Altı ay önce başlamıştım blog yazmaya. Yazdıkça daha çok sevmeye başladım bu işi ve keyif aldıkça, daha bir yazasım geldi. Ben bir ‘yazar’ değilim ve amacım da ‘yazar’ olmak değil! İlk başlarda; kısa sürede, bu kadar yol alabileceğimi ben de tahmin etmiyordum. Sizlerden gelen güzel yorumlar, mesejlar ve her zaman takipte olduğunuz için; ‘İyi ki varsınız’ diyorum. Çünkü, ‘İyi ki blog yazmaya başlamışım’ dememi sizler sağladınız...

“Impossible is nothing”... derler...

O zaman şimdi, bu haftaki yazıma yine bir Nasreddin Hoca fıkrası ile başlayayım:

“Nasreddin Hoca, bir gün elinde koca bir bakraç yoğurt mayasıyla gölün kenarına gelmiş. 
Başlamış kaşık, kaşık dökmeye. Hocayı görenler;

-Hocam, ne yapıyorsun?

Hoca:

-Göle yoğurt mayası çalıyorum demiş, kıs kıs gülerek.
-Hocam, göl maya tutar mı hiç?

Hoca cevabı yapıştırmış tabi:

-Ya tutarsa?”

....

“İmkansız diye bir şey yoktur, yalnızca olasılığı çok düşüktür.”

....

Bazen, olmasına imkan ve ihtimal olmayan bir şeyi çok istersin. Hatta inatla direnirsin olana kadar. Haftalar, aylar ve belki de yıllar sonra bir bakmışsın ki, o imkansız görünen şeyi, hayat yoluna hiç ummadığın anda çıkarmış ve bir armağan gibi sunmuş sana. İşin ilginç tarafı ise, tam ümidi kesip, uçurumun kenarından aşağıya düşersin korkusu ile geri dönmek istediğin zaman; ‘gel hadi, geç şu uçurumu’ dercesine köprü kurar hayat senin yoluna. Tabi, sen o yoldan hala daha vazgeçmemişsen, kabul edersin bu armağanı...

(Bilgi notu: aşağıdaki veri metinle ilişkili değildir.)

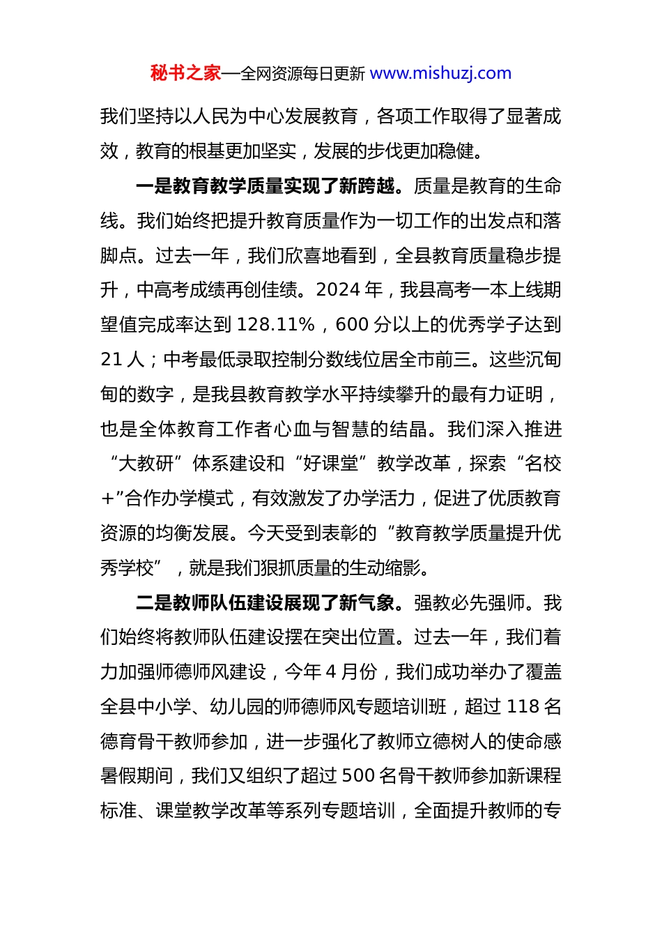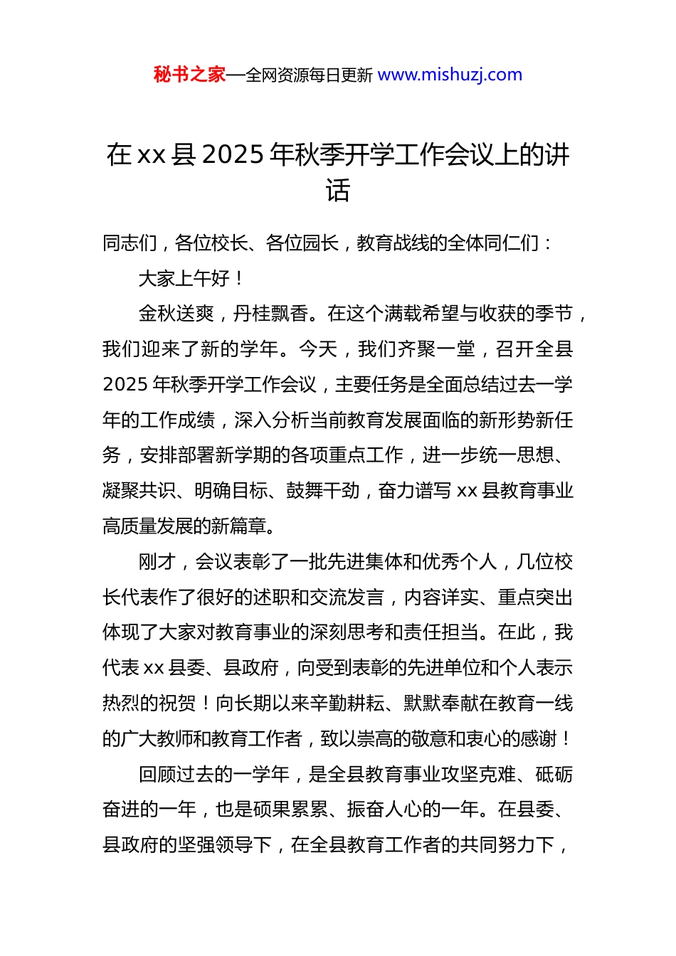 秘书之家—全网资源每日更新 www.mishuzj.com在 xx 县 2025 年秋季开学工作会议上的讲话同志们,各位校长、各位园长,教育战线的全体同仁们:大家上午好!金秋送爽,丹桂飘香。在这个满载希望与收获的季节,我们迎来了新的学年。今天,我们齐聚一堂,召开全县2025 年秋季开学工作会议,主要任务是全面总结过去一学年的工作成绩,深入分析当前教育发展面临的新形势新任务,安排部署新学期的各项重点工作,进一步统一思想、凝聚共识、明确目标、鼓舞干劲,奋力谱写 xx 县教育事业高质量发展的新篇章。刚才,会议表彰了一批先进集体和优秀个人,几位校长代表作了很好的述职和交流发言,内容详实、重点突出体现了大家对教育事业的深刻思考和责任担当。在此,我代表 xx 县委、县政府,向受到表彰的先进单位和个人表示热烈的祝贺!向长期以来辛勤耕耘、默默奉献在教育一线的广大教师和教育工作者,致以崇高的敬意和衷心的感谢!回顾过去的一学年,是全县教育事业攻坚克难、砥砺奋进的一年,也是硕果累累、振奋人心的一年。在县委、县政府的坚强领导下,在全县教育工作者的共同努力下,秘书之家—全网资源每日更新 www.mishuzj.com我们坚持以人民为中心发展教育,各项工作取得了显著成效,教育的根基更加坚实,发展的步伐更加稳健。一是教育教学质量实现了新跨越。质量是教育的生命线。我们始终把提升教育质量作为一切工作的出发点和落脚点。过去一年,我们欣喜地看到,全县教育质量稳步提升,中高考成绩再创佳绩。2024 年,我县高考一本上线期望值完成率达到 128.11%,600 分以上的优秀学子达到21 人;中考最低录取控制分数线位居全市前三。这些沉甸甸的数字,是我县教育教学水平持续攀升的最有力证明,也是全体教育工作者心血与智慧的结晶。我们深入推进“大教研”体系建设和“好课堂”教学改革,探索“名校+”合作办学模式,有效激发了办学活力,促进了优质教育资源的均衡发展。今天受到表彰的“教育教学质量提升优秀学校”,就是我们狠抓质量的生动缩影。二是教师队伍建设展现了新气象。强教必先强师。我们始终将教师队伍建设摆在突出位置。过去一年,我们着力加强师德师风建设,今年 4 月份,我们成功举办了覆盖全县中小学、幼儿园的师德师风专题培训班,超过 118 名德育骨干教师参加,进一步强化了教师立德树人的使命感暑假期间,我们又组织了超过 500 名骨干教师参加新课程标准、课堂教学改革等系列专题培训,全面提升教师的专秘书之家—全网资源每日更新 www.mishuzj.com业素养和教学能力。一支政 ZHI 素质过硬、业务能力精湛、育人水平高超的高素质教师队伍正在加速形成,为我县教育事业的长远发展提供了坚实的人才保障。三是校园安全防线筑牢了新屏障。安全是发展的前提。我们始终以“零容忍”的态度抓好校园安全工作,压紧压实各方责任。过去一年,我们持续深化“平安校园”建设构建了人防、物防、技防、心防、法防“五道防线”,完善了多部门联动的校园安全 ZHI 理体系。公安、交管等部门常态化开展“护学岗”工作,为学生上下学撑起了“平安伞”。各学校认真落实安全主体责任,定期开展应急演练和隐患排查,实现了校园安全管理的常态化、精细化。尤其值得肯定的是,过去一学年来,全县没有发生一起重大安全责任事故,校园整体保持了和谐稳定的良好局面。成绩来之不易,经验弥足珍贵。这些成绩的取得,凝聚着在座各位以及全县广大教育工作者的辛勤汗水和不懈奋斗。实践证明,我们 xx 县的教育工作者是一支有情怀、有担当、能战斗、能奉献的优秀队伍。在此,我再次向大家表示感谢!在肯定成绩的同时,我们也要清醒地认识到,对标人民群众对优质教育的期盼,对标教育现代化发展的要求,我们的工作还存在一些短板和不足。比如,教育资源配置秘书之家—全网资源每日更新 www.mishuzj.com的均衡性仍需加强,部分学校的办学特色还不够鲜明,教师队伍的结构性矛盾依然存在,家校社协同育人的合力有待进一步凝聚。这些问题,需要我们在新学年里高度重视采取有力措施,切实加以解决。同志们,新学年、新起点、新征程。做好新学期的工作,意义重大,责任在...

‘Herşey olması gerektiği gibi mi gidiyor?’ yoksa ‘Böyle gitmesi gerektiği için mi?’ diye arada durup düşünüyor insan. Olmasını istediğin ve beklediğin şeyler için, sana engeller koyarken hayat, kimisinin üzerine de bazı şeyler gökten zembille iniyor değil mi?

Bana sorarsanız; Aslında herşey kişinin kendi elindedir. Ve o ‘engeller’ zamanla ortadan kalkar, eğer yeteri kadar çaba sarfedip istiyorsan; Hayatındaki ‘Keşke’lerin ‘İyi ki’ lere dönüşeceğinden şüphen olmasın..

Tekrardan Hoca’nın fıkrasına geri dönelim;

Takdir edersiniz ki, bir bakraç maya ile göl yoğurt tutmaz. Aslında Hoca, göle maya çalma bahanesi ile bize ‘İmkansız’ diye birşeyin olmadığını anlatmak istemiştir..

Ulaşmak istediğin hedeften, seni vazgeçiren durumlar ya da engeller ile karşılaşabilirsin. Ve bu çok normaldir. Önemli olan, tüm zorluklara rağmen, aşabilmek için çabalamak gerektiğini bilmektir. Yani, göl maya tutmaz önyargısı ile hedeften vazgeçersek, göl asla maya tutmayacaktır! Varsın, dışardan seni izleyenler bu çabalamana gülsünler. Belki de, senin deli olduğunu bile düşüneceklerdir. Boşver! Takılma sen onlara. Çünkü, olmayacak bir şeyin olacağına inanmak ve bunu başarmak cesaret işidir, delilik değil..

....

Yazımın başında söylediklerime gelince;

Belki ben, Nasreddin Hoca gibi ‘Ya tutarsa’ diyerekten başlamadım yazmaya ama mücizelerin olduğuna hep inandım. Yakın zamanda ise, sizlere bir süprizim olacak...

Yaşamınızdaki engelleri tek tek çıkarmanız dileklerimle...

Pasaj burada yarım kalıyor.